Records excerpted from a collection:
◆ ◆ ◆ ◆ ◆

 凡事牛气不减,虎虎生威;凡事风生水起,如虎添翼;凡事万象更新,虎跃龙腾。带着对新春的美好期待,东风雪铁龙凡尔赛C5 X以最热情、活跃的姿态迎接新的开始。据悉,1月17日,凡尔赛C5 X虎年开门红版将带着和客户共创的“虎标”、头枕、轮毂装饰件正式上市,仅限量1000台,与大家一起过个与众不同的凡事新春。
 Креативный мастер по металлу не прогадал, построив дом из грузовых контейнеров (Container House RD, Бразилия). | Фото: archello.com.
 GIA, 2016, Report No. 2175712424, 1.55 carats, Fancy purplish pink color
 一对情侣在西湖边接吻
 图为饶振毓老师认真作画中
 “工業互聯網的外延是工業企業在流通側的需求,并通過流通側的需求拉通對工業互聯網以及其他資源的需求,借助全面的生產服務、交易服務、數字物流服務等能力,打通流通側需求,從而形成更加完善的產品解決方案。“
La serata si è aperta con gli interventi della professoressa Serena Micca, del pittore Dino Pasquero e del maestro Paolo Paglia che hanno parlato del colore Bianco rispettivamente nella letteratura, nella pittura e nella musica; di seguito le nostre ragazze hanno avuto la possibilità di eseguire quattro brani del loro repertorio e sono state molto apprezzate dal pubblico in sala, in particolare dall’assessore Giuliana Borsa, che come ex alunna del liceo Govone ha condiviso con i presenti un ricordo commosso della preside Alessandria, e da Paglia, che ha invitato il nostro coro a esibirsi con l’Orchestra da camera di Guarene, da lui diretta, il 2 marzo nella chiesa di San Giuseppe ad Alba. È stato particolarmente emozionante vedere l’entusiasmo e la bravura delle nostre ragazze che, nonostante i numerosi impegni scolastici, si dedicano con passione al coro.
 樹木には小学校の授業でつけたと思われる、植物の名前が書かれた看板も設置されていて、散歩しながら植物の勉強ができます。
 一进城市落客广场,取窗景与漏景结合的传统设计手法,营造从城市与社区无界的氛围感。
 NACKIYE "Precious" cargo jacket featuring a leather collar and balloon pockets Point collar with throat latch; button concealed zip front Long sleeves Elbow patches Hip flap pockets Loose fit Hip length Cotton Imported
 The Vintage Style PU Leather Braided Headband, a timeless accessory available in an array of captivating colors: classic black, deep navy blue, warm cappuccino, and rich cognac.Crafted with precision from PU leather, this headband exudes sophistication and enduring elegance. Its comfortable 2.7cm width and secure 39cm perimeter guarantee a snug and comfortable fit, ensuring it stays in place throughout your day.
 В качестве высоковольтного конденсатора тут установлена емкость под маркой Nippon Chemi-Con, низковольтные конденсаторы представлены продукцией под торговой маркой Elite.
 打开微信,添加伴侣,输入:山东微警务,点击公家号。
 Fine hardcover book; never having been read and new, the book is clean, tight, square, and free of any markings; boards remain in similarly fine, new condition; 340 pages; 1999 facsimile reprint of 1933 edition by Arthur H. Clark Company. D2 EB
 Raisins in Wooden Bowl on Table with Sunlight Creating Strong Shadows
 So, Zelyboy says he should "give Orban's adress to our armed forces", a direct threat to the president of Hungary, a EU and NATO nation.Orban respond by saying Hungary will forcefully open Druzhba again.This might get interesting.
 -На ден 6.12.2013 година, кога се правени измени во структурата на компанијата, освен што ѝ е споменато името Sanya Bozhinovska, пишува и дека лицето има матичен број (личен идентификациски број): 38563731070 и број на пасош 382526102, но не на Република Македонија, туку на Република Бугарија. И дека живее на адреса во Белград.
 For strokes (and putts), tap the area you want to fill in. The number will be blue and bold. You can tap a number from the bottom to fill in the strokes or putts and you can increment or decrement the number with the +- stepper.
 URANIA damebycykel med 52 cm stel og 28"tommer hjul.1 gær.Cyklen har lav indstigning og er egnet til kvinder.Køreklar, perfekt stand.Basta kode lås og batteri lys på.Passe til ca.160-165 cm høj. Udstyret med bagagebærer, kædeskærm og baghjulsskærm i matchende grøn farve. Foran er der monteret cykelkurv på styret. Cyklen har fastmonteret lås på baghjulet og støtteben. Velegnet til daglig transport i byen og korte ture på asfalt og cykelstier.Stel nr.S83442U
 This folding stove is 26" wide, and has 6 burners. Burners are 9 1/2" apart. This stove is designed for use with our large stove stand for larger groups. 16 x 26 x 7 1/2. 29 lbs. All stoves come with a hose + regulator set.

◆ ◆ ◆ ◆ ◆

AIM OF THE TASK: Set the lines down exactly as they stand, beginning at the one that contains "-На ден 6.12.2013" and stopping after the last line of the entries above.

SOLUTION FOR THIS EXERCISE:
 -На ден 6.12.2013 година, кога се правени измени во структурата на компанијата, освен што ѝ е споменато името Sanya Bozhinovska, пишува и дека лицето има матичен број (личен идентификациски број): 38563731070 и број на пасош 382526102, но не на Република Македонија, туку на Република Бугарија. И дека живее на адреса во Белград.
 For strokes (and putts), tap the area you want to fill in. The number will be blue and bold. You can tap a number from the bottom to fill in the strokes or putts and you can increment or decrement the number with the +- stepper.
 URANIA damebycykel med 52 cm stel og 28"tommer hjul.1 gær.Cyklen har lav indstigning og er egnet til kvinder.Køreklar, perfekt stand.Basta kode lås og batteri lys på.Passe til ca.160-165 cm høj. Udstyret med bagagebærer, kædeskærm og baghjulsskærm i matchende grøn farve. Foran er der monteret cykelkurv på styret. Cyklen har fastmonteret lås på baghjulet og støtteben. Velegnet til daglig transport i byen og korte ture på asfalt og cykelstier.Stel nr.S83442U
 This folding stove is 26" wide, and has 6 burners. Burners are 9 1/2" apart. This stove is designed for use with our large stove stand for larger groups. 16 x 26 x 7 1/2. 29 lbs. All stoves come with a hose + regulator set.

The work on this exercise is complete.